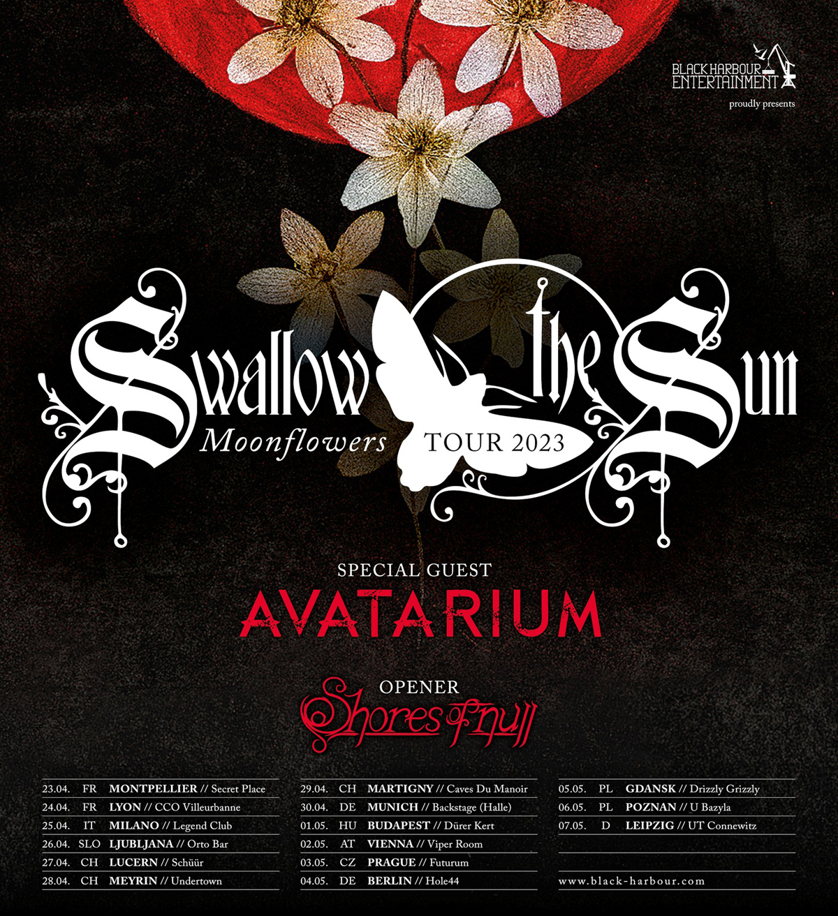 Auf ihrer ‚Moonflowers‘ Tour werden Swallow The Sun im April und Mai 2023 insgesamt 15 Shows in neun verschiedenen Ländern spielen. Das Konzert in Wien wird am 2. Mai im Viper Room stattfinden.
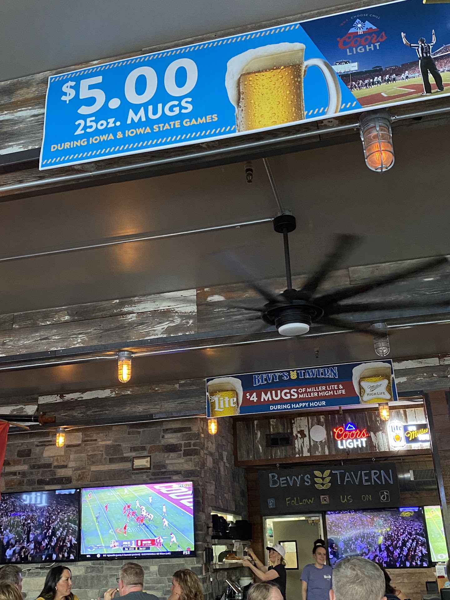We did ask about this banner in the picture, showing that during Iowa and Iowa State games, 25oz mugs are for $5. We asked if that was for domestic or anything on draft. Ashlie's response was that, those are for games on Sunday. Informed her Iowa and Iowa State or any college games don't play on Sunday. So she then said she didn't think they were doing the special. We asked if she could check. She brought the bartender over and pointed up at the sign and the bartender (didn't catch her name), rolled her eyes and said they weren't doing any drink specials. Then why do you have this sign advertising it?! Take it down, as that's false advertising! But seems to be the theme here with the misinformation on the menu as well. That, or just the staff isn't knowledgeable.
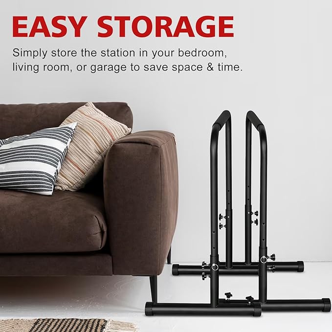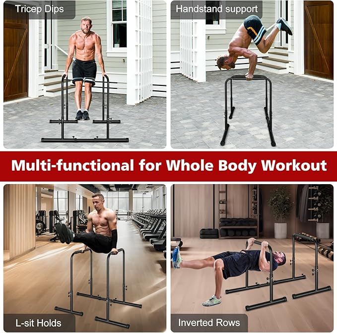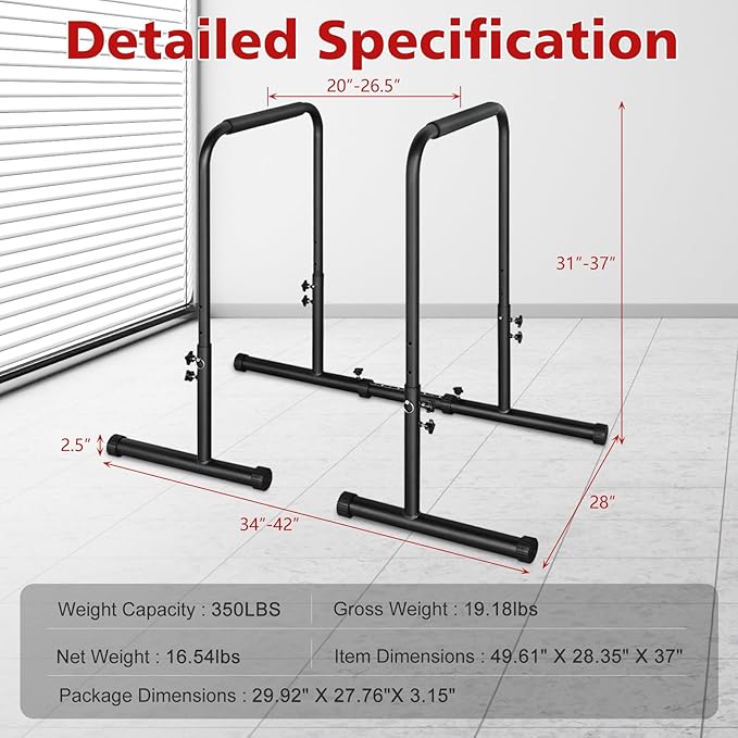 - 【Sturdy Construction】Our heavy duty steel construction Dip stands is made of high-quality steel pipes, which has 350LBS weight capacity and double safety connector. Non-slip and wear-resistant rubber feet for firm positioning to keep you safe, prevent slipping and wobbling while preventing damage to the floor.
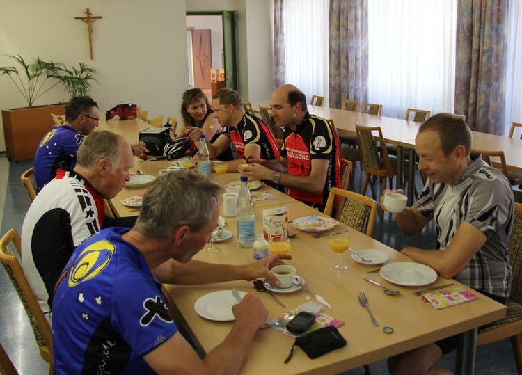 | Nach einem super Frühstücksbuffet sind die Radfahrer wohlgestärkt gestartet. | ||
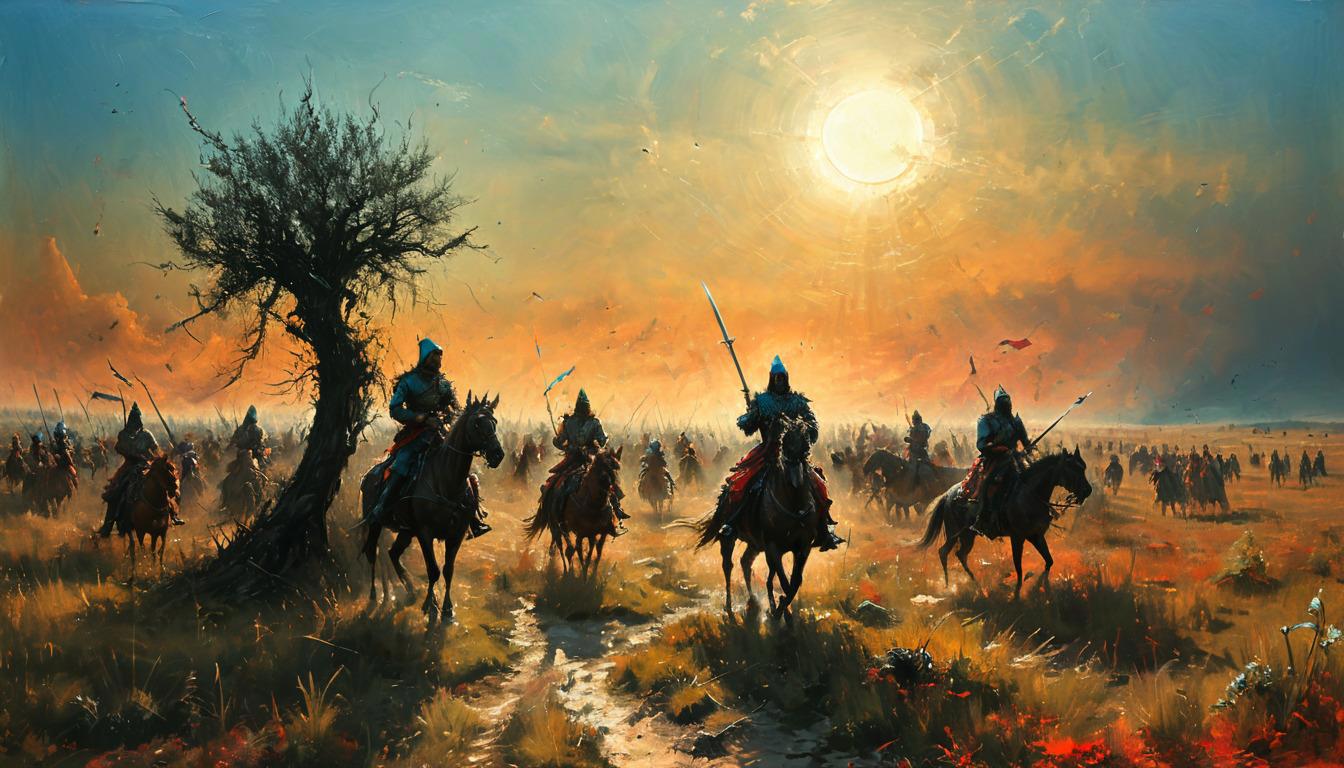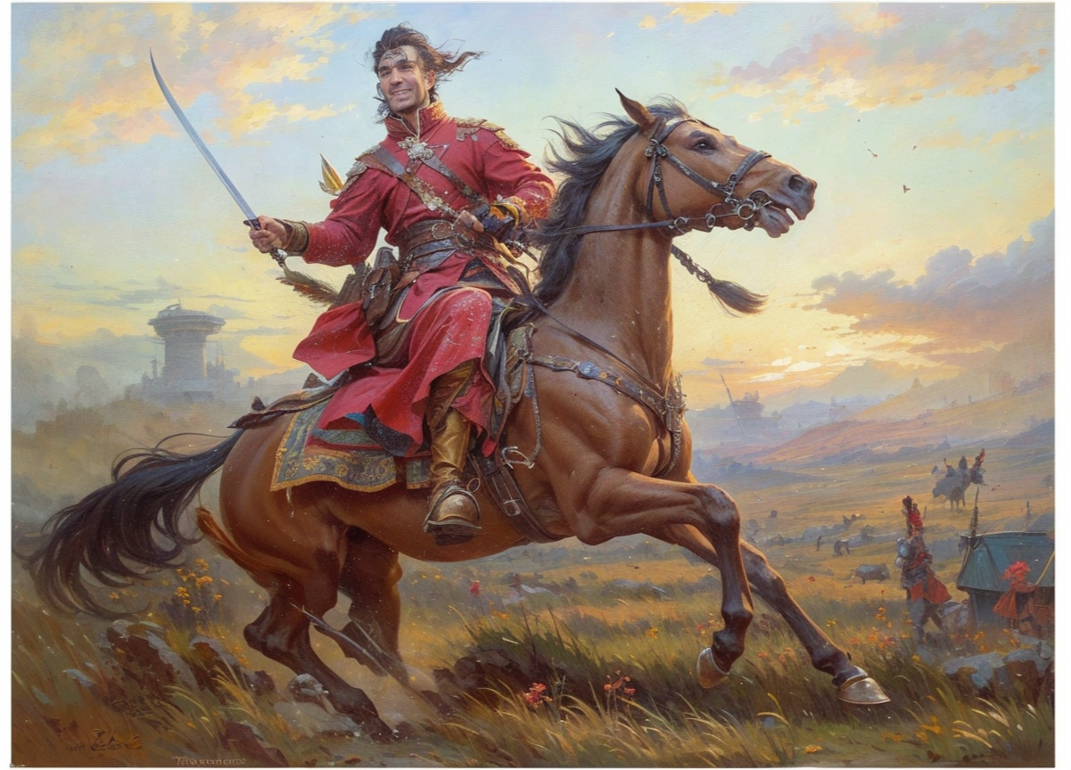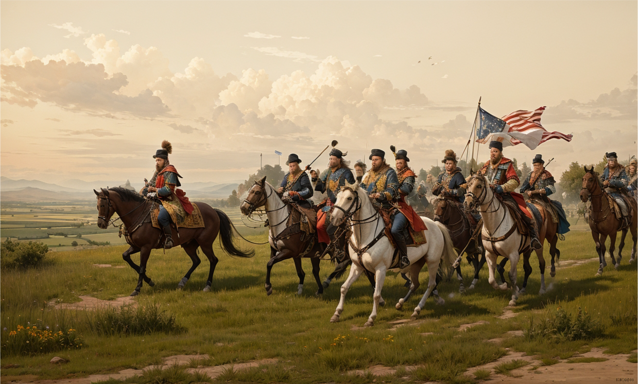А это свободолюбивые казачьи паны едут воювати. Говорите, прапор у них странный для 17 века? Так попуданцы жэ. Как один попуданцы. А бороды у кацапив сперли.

::::::

* _EXERCISE DIRECTIONS_:
Leave out every picture, and write out exactly the lines from the one with "- 【Sturdy Construction】Our" through the end of the records above, both ends included.

* _ANSWER FOR THIS EXERCISE_:
 - 【Sturdy Construction】Our heavy duty steel construction Dip stands is made of high-quality steel pipes, which has 350LBS weight capacity and double safety connector. Non-slip and wear-resistant rubber feet for firm positioning to keep you safe, prevent slipping and wobbling while preventing damage to the floor.
 | Nach einem super Frühstücksbuffet sind die Radfahrer wohlgestärkt gestartet. | ||
А это свободолюбивые казачьи паны едут воювати. Говорите, прапор у них странный для 17 века? Так попуданцы жэ. Как один попуданцы. А бороды у кацапив сперли.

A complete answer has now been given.